Let me start with saying that there are over 100 people who read my blog. That is just so cool. There are people from 5 different countries, of course most from the US, but still, super awesome and it makes me feel like I should write something worth while.
I'm at Cassie's Aunt Beth's house for the night, so that we can wake up early and enjoy the day tomorrow, do some yoga, get massages, and spend some necessary time with her awesome grandpa. How is it possible that you can be so healthy, take care of yourself, eat right, work out, do awesome things for other people, live a great life, do amazing deeds, and still have something that takes you earlier than necessary.
Life is so confusing that way, and I just don't really understand it. I never really knew my grandparents, and have really never known anyone very well that has died. I guess I haven't really been to too many funerals, and even if I have, its always been for someone that I wasn't really that close with. I struggle to wrap my mind about it, so in turn I get very awkward when I am in situations when people are talking about it. I never know what to say. Thank goodness for hugs, because I have found that to be a good way to escape things, I hope I can keep it like that, and not say the wrong thing in the wrong situation.
What I am getting at here is that I need to enjoy what is given to me a lot more. I feel like I am cheating the system by all of the things I have been able to do, and all of the things in my future. I wish that everyone could appreciate the now instead of dreading it. Who knows what is going to happen today tomorrow or next week.

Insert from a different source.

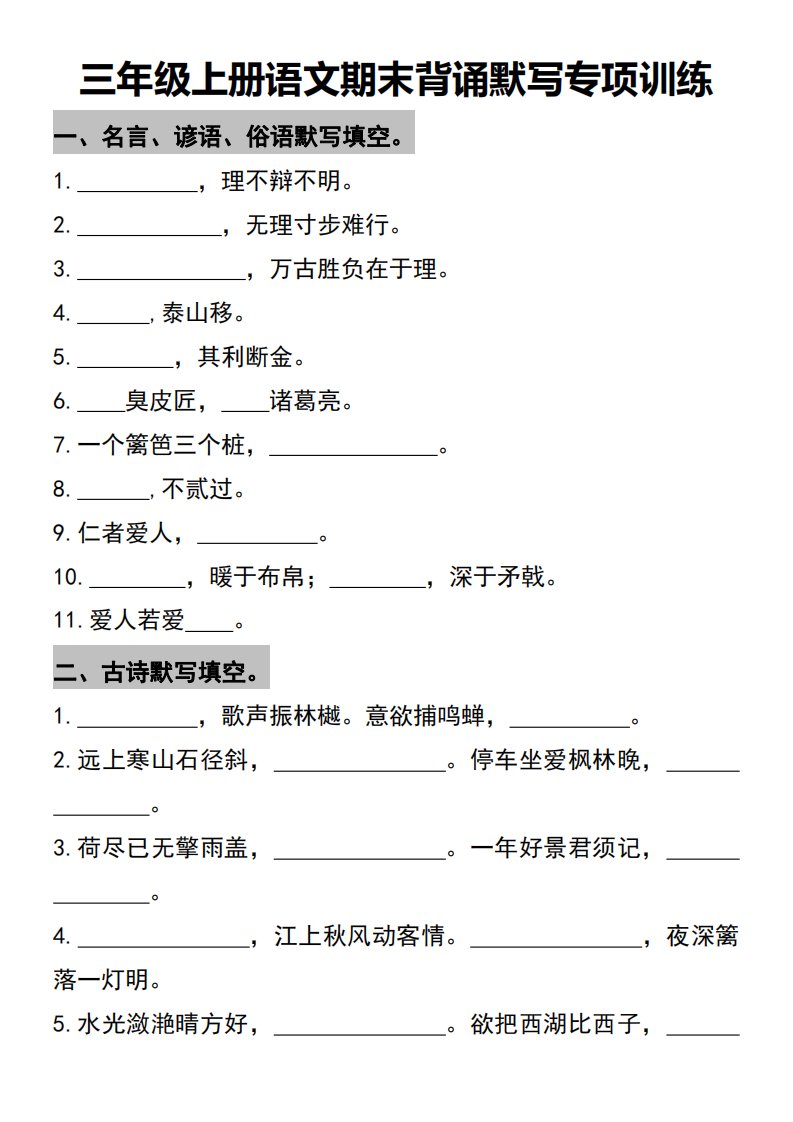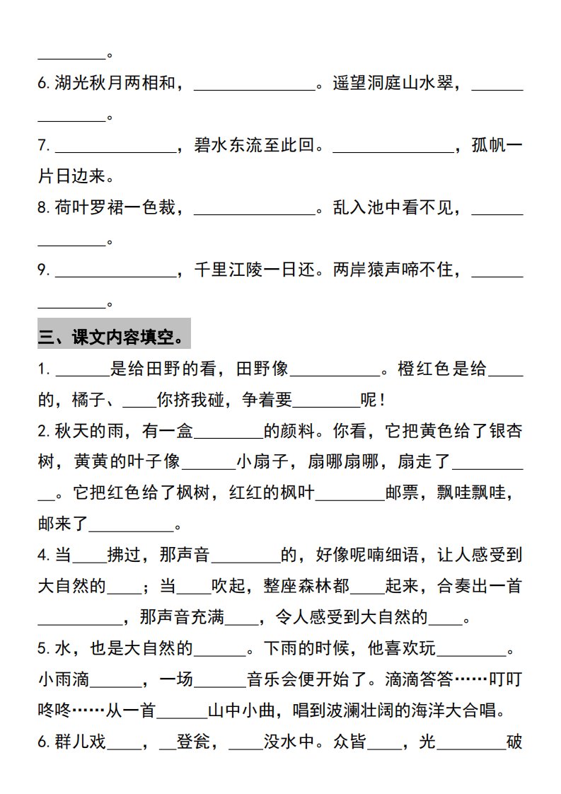 当前位置: 首页小学资源小学三年级正文 三年级上册语文期末背诵默写专项训练_共6页 小学三年级 2 周前 0 0 5 以上为部分内容预览,如需源文档请登录您的会员账号进行下载! 声明:本站所有文章,如无特殊说明或标注,均为本站原创发布。任何个人或组织,在未征得本站同意时,禁止复制、盗用、采集、发布本站内容到任何网站、书籍等各类媒体平台。如若本站内容侵犯了原著者的合法权益,可联系我们进行处理。 尚学资源永久会员 打赏 收藏 海报 链接

My original plan for this post was to talk about Hawaii. A lot of people have been asking me about Why I left Hawaii, Why I didn't stay, and Will I go back? Well here is the long and the short of it. I left because I knew this summer in Colorado will be amazing, and I just felt it was my time to go. I would love to go back and visit, but I don't think that I would ever move there, or stay for longer than I already did. I noticed after a very short time that I wasn't necessarily appreciating what I had right outside my door. I think this would be the problem with living in Hawaii. Where do you vacation when you live in paradise? I loved it loved it there, don't get me wrong, but I loved it there for some very important reasons. My awesome sister, a new best friend and an amazing boyfriend that found me. I loved it there because there are SO many things to do, and I would continue to do as many things as possible, but let's be realistic, I was unemployed for the last month that I lived there. Once you are employed time seems to slip away, you no longer can just go out any time of day for a hike, and convincing your sister to call in sick from work means you also would have to call in sick. Weekends are then your only free time, and it is definitely hard to get yourself out to the beach every weekend. Weird I know, all of you mainlanders are saying. But that is true business. I think I went almost a month with out enjoying the full beauty of Hawaii's finest beaches (which is .5 miles from my apartment) and that was only because I was exhausted from working about 14 days straight and then 11 more after that. March was rough as you can tell from my inability to blog. I guess what I am saying, to all of you who ask me why I am back in NY and not in HI, I may look like I belong there, and totally fit the blonde, surfer babe part, but its just not my home. I need to make myself a home. I want a bed. That bed is in my future, and I see it coming!
Words of wisdom from Aunt Beth - Don't bring drama into your life. Just live in the here and now, and don't worry so much about the future. When the future comes you can handle it and embrace what comes. - I have been worrying so much about the end of this summer and where I will get a job. I have been working my butt off for the applications to Charleston to be 100% complete and sending in all of my necessary stuff. Apparently I am still missing a few things and I am so worried that is going to ruin my chances of getting a teaching job there. That would be worst thing. But really what am I so nervous about? I am ecstatic after a 20 minute conversation with a certain someone and giggle the entire time. I shouldn't be so worried about what the end of this summer will bring. Maybe I will get hired, maybe I wont. If I don't, I shouldn't even worry, I'm Anna Banana and I will get a job no matter what. Like Aunt Beth said, I'm just gonna live in the now and enjoy it, and see what it brings me :)

1 comment:
YOLO
-Lil Wayne
I'm glad you're not gonna spend your awesome summer worrying. You will find a job somewhere and in the meantime enjoy the hell out of your life. You're not cheating by having an amazing life, other people just aren't smart enough or brave enough to go out and do what they love. You'll get a job, guaruntee.